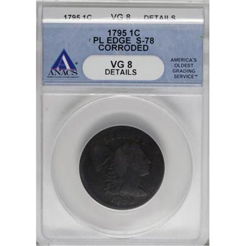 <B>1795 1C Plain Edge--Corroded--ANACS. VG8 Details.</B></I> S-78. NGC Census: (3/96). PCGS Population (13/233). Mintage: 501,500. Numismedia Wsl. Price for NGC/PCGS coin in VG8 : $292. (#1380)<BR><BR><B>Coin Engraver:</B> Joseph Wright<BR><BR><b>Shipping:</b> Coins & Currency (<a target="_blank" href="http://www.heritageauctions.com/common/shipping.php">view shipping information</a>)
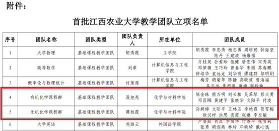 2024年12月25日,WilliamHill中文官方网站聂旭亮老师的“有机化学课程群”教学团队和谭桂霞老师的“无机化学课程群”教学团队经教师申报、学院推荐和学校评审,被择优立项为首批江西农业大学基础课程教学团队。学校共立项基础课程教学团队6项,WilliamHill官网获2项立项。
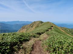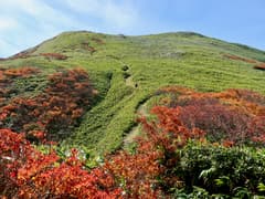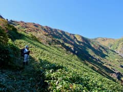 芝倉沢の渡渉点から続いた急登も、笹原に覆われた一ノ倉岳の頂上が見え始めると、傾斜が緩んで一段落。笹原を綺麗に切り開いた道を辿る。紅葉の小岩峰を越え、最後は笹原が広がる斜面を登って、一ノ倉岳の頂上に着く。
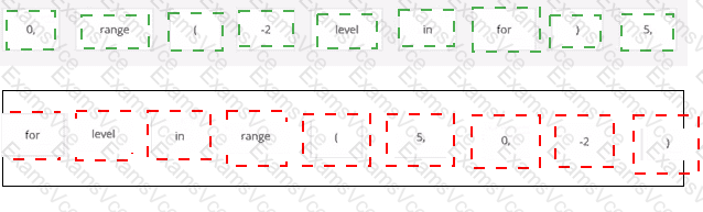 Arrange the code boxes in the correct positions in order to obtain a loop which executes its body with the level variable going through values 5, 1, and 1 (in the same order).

Exercise directions
Please reproduce each line of the listing above exactly, skipping pictures.

Response below
 <B>1795 1C Plain Edge--Corroded--ANACS. VG8 Details.</B></I> S-78. NGC Census: (3/96). PCGS Population (13/233). Mintage: 501,500. Numismedia Wsl. Price for NGC/PCGS coin in VG8 : $292. (#1380)<BR><BR><B>Coin Engraver:</B> Joseph Wright<BR><BR><b>Shipping:</b> Coins & Currency (<a target="_blank" href="http://www.heritageauctions.com/common/shipping.php">view shipping information</a>)
 2024年12月25日,WilliamHill中文官方网站聂旭亮老师的“有机化学课程群”教学团队和谭桂霞老师的“无机化学课程群”教学团队经教师申报、学院推荐和学校评审,被择优立项为首批江西农业大学基础课程教学团队。学校共立项基础课程教学团队6项,WilliamHill官网获2项立项。
 芝倉沢の渡渉点から続いた急登も、笹原に覆われた一ノ倉岳の頂上が見え始めると、傾斜が緩んで一段落。笹原を綺麗に切り開いた道を辿る。紅葉の小岩峰を越え、最後は笹原が広がる斜面を登って、一ノ倉岳の頂上に着く。
 Arrange the code boxes in the correct positions in order to obtain a loop which executes its body with the level variable going through values 5, 1, and 1 (in the same order).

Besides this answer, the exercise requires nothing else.